Z zeznań jednego z wysokich dyrektorów Idea Banku Pawła W. (inicjały zmienione ze względu na dobro śledztwo) wynika, że Leszek Czarnecki miał pełną kontrolę i wiedzę na temat transakcji przewyższającymi 2 miliony złotych.
Bez wątpienia osobą która podejmowała decyzje tak w banku jak i spółkach wchodzących w skład banku był i jest Leszek Czarnecki.(…). Patrząc na poziom szczegółowych informacji związanych z sytuacją finansową i realizację biznes planu w danym roku obrotowym przez banki i spółki z grupy Idea Banku mogę z całą stanowczością stwierdzić, że żadna transakcja bądź aktywność, która generowałaby przychód na poziomie wyższym niż 2 miliony złotych, nie mogłaby być niezaraportowana do przewodniczącego rady nadzorczej banku lub rady nadzorczej
– zeznał Paweł W.
Ważne wyjaśnienia złożył też były prezes Idea Banku, który wskazał na Czarneckiego jako na pomysłodawcę sprzedaży obligacji GetBack przez bank biznesmena.

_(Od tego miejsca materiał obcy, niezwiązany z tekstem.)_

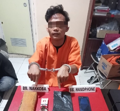 BNEWS - Seorang pemuda inisial YU (21), warga Desa Geringging, Kecamatan Kampar Kiri, Kabupaten Kampar, ditangkap Satnarkoba Polres Kampar di depan SPBU Teratak Buluh, Kecamatan Siak Hulu, Senin (7/10/2024) malam.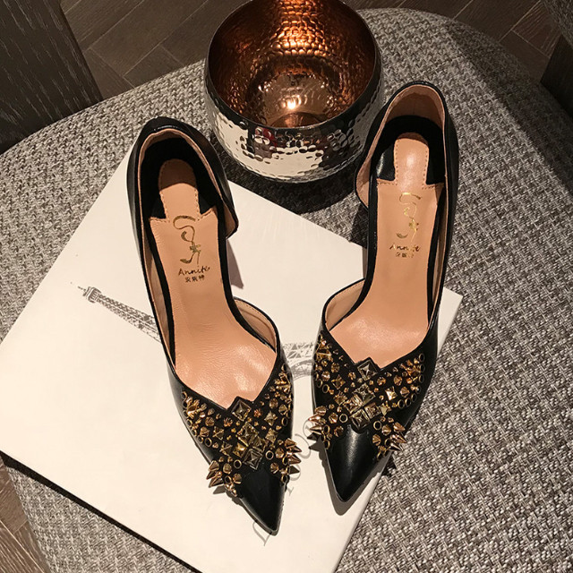 [론데즈메종] 유러피안 금장 리벳 락스터드 스틸레토 하이힐 (굽 3cm/8cm)

To, że Idea Bank sprzedawał obligacje GetBack w 2018 roku musiała być wówczas wg mnie decyzja Leszka Czarneckiego. Nie wiem dlaczego taką podjął, zwłaszcza, że GetBack był co najmniej od marca 2018 roku w złej sytuacji finansowej co było powszechnie wiadome na rynku
– zeznał były prezes Idea Banku.
Z wyjaśnień innych ważnych bankowców koncernu Czarneckiego wynika też, że raporty dzienne sprzedaży docierać miały do Leszka Czarneckiego i były mu przekazywane przez zaufane osoby z Komitetu Audytu Idea Banku.
Te wszystkie informacje nie przekonały jednak sędzię Pilśnik, która w grudniu 2020 roku uniewinniła Emila Wąsacza, byłego ministra AWS, którego oskarżono o niedopełnienie obowiązków przy prywatyzacji PZU, w 1999 roku. Sędzia, w swoim uzasadnieniu, zrzuciła winę na czynnik, z którego wynikało „społeczne niezrozumienie” tematu prywatyzacji.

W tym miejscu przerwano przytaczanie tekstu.